Quote the listing below in its entirety, omitting every image.

Start of Information provided

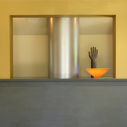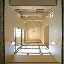 At the very top of the stair well, the master bathroom tub-room opens into the stair well with sliding translucent screens, reminiscent of Japanese shoji screens, that can be open or closed, depending on the owner’s wishes and their thermal needs. A large skylight back-lights the screen to bring an additional and unexpected source of daylight into the space.
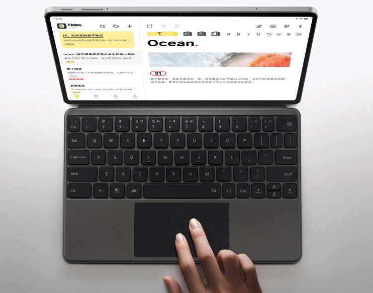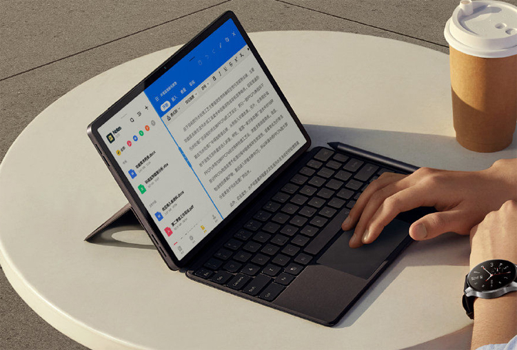 Uma porta USB tipo C, botões de controle físico laterais e um sistema de áudio de quatro alto-falantes são mencionados. Os usuários poderão interagir com o tablet usando uma caneta especial, e um teclado adicional permitirá que o dispositivo seja usado como um laptop compacto.
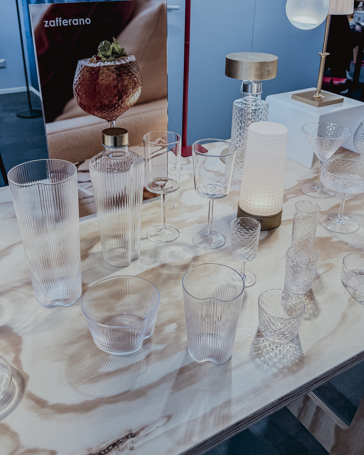 The fair had no shortage of beautiful objects and glassware. Two standouts: the fluted pieces from Zafferano (left), the Venetian-founded brand known for colorful restaurant glassware and its Murano-inspired ribbing, and Sophie Lou Jacobsen’s (right) tastefully squiggly borosilicate glass pitchers, part of the New York designer’s ongoing exploration of playful yet useful table forms.

End of Information provided

Exercise answer:
 At the very top of the stair well, the master bathroom tub-room opens into the stair well with sliding translucent screens, reminiscent of Japanese shoji screens, that can be open or closed, depending on the owner’s wishes and their thermal needs. A large skylight back-lights the screen to bring an additional and unexpected source of daylight into the space.
 Uma porta USB tipo C, botões de controle físico laterais e um sistema de áudio de quatro alto-falantes são mencionados. Os usuários poderão interagir com o tablet usando uma caneta especial, e um teclado adicional permitirá que o dispositivo seja usado como um laptop compacto.
 The fair had no shortage of beautiful objects and glassware. Two standouts: the fluted pieces from Zafferano (left), the Venetian-founded brand known for colorful restaurant glassware and its Murano-inspired ribbing, and Sophie Lou Jacobsen’s (right) tastefully squiggly borosilicate glass pitchers, part of the New York designer’s ongoing exploration of playful yet useful table forms.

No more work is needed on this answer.